Critiques

La Délivrance : Le poids de l’absence

© Valérie Remise

La Délivrance de Jennifer Tremblay, présentée au Théâtre d’Aujourd’hui, est le dernier volet d’une trilogie amorcée avec La Liste en 2010 – une production en tous points remarquable – et poursuivie avec Le Carrousel, début 2014.

La Délivrance reprend là où Le Carrousel s’était arrêté : au chevet de la mère agonisante ; celle-ci souhaite serrer dans ses bras avant de mourir le fils qui lui a été enlevé des années auparavant et qui, victime d’un lavage de cerveau en bonne et due forme par le paternel, refuse de se présenter. C’est à sa demi-sœur qu’il reviendra de le convaincre, replongeant pour cela dans le souvenir d’une enfance douloureuse auprès d’un beau-père mal-aimant, qui n’en avait que pour son fils légitime. Le genre de violence familiale peu spectaculaire qui laisse pourtant des traces indélébiles.

Ce troisième monologue est, encore une fois, confié à Sylvie Drapeau, laquelle semble faite pour incarner les mots de Tremblay. Et, encore une fois, force est de constater combien la plume de Jennifer Tremblay est habile : en quelques mots, elle parvient à nous faire appréhender l’étendue d’une vie, d’une personnalité. On est toutefois moins impressionné lorsqu’elle entraîne sa narratrice dans une conversation sans réponse avec Jésus sur le thème de « pourquoi m’as-tu abandonnée? », Jésus que le metteur en scène Patrice Dubois a d’ailleurs ressenti le besoin de nous montrer sous la forme d’une immense statue crucifiée, des fois qu’on n’aurait pas compris. La mise en scène de Dubois, si elle donne une large place aux mots, n’a pas le pouvoir évocateur que l’on aurait souhaité, à l’exception de quelques irruptions musicales bien senties. Elle soutient le texte, mais sans le sublimer. On se demande notamment pourquoi il a choisi de faire évoluer Sylvie Drapeau sur ce qui ressemble à un podium de défilé de mode, scindant la salle en deux.

La détresse des mères

Dans sa trilogie, Tremblay se penche sur la condition féminine, et montre avec finesse tout ce que le fait de mettre des enfants au monde implique de bouleversements et de renoncements, particulièrement dans un monde dominé par l’homme. Il y a dans les mères de Tremblay une bonne dose de détresse.
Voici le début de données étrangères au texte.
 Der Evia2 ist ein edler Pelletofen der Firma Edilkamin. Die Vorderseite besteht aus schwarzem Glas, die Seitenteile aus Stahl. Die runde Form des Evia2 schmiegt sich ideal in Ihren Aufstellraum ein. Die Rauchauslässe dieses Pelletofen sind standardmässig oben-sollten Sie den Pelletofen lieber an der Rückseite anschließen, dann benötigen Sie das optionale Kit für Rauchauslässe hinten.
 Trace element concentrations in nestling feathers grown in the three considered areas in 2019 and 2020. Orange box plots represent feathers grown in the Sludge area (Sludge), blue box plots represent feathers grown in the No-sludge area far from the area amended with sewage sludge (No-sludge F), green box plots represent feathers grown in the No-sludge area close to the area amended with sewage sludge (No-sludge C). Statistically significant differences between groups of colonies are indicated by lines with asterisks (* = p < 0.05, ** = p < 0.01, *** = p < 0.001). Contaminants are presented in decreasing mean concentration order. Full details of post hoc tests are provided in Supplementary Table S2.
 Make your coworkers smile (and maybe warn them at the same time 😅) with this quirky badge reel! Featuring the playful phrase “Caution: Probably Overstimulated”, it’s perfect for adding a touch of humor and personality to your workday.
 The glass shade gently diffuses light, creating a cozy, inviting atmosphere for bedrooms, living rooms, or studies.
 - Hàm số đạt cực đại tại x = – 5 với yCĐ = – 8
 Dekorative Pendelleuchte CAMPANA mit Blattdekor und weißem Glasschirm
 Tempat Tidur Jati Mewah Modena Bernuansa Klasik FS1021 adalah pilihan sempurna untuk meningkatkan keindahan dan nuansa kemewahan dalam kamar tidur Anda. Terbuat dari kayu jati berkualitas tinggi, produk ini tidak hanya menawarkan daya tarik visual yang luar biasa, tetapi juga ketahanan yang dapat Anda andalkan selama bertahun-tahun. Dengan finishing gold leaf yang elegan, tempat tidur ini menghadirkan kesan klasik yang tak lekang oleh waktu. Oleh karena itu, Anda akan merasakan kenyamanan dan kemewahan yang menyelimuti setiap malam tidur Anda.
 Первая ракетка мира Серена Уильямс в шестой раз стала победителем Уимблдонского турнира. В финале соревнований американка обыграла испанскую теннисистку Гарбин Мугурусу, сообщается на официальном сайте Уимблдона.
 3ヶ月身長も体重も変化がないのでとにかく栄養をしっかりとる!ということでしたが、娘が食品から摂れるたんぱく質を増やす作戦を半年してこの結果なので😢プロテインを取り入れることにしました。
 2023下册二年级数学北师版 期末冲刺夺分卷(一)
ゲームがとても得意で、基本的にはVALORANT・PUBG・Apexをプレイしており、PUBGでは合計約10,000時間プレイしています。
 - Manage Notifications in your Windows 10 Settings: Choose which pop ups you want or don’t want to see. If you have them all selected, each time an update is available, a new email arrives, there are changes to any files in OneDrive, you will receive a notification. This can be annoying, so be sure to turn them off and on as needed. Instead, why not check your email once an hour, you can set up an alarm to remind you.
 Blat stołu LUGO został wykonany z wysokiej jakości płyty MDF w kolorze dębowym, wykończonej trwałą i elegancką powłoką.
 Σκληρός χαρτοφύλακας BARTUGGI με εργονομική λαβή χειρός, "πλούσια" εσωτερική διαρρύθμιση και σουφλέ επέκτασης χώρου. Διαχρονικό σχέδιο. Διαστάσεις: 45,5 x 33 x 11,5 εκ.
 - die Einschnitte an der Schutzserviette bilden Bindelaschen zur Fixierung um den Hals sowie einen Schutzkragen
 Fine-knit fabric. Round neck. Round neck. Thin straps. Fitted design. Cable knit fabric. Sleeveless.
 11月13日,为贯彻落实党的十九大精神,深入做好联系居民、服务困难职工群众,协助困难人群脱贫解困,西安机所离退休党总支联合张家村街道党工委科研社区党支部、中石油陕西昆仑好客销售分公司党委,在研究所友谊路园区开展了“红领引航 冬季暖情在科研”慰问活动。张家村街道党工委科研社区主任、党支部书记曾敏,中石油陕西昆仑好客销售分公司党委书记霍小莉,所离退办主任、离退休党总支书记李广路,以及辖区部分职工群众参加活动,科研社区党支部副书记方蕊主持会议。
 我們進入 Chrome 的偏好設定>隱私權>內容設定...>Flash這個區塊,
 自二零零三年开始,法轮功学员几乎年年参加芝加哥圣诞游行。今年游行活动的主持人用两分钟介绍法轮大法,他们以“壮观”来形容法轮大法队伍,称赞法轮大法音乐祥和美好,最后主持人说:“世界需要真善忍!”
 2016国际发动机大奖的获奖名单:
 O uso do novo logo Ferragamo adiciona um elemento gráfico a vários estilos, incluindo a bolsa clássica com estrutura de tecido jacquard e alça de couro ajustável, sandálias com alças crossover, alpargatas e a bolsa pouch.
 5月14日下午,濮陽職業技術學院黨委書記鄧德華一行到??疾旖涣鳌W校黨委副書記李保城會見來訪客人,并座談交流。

Le titre de La Délivrance (faisant référence à l’expulsion du placenta après l’accouchement) paraît particulièrement ironique si l’on considère que les deux femmes dont il est question ici ont vu leur existence entière façonnée, pour ne pas dire brisée, par les hommes de leur famille : la fille, abandonnée par son père, maltraitée par son beau-père, ignorée par la mère qui ne pense qu’au frère absent ; la mère, coincée avec un mari alcoolique et irresponsable qui finit par disparaître, qui se jette dans les bras du premier homme prêt à lui donner un foyer et à adopter ses filles, qui subit ses sarcasmes et son mépris jusqu’à se faire à nouveau abandonner et priver de son enfant dès la minute où elle donne enfin un fils au maître de la maison.

Qu’ils soient présents ou absents, les hommes ont sur les femmes un effet dévastateur. La seule figure masculine de la pièce qui ne soit pas toxique est un prêtre. On a envie de penser que les femmes d’aujourd’hui ont plus de choix, que l’éducation et l’indépendance financière préviennent ce type d’assujettissement, mais force est de constater que toutes n’ont pas cette marge de manœuvre. Il faut des voix comme celle de Jennifer Tremblay pour nous le rappeler.

La Délivrance

Texte : Jennifer Tremblay. Mise en scène : Patrice Dubois. Avec Sylvie Drapeau. Scénographie : Pierre-Étienne Locas. Éclairages : Claude Cournoyer. Costumes : Cynthia St-Gelais. Musique : Ludovic Bonnier. Voix : Frédérike Bédard. Coiffure et maquillage : Sylvie Rolland-Provost. Une production du Centre du Théâtre d’Aujourd’hui. Au Théâtre d’Aujourd’hui jusqu’au 15 octobre 2016.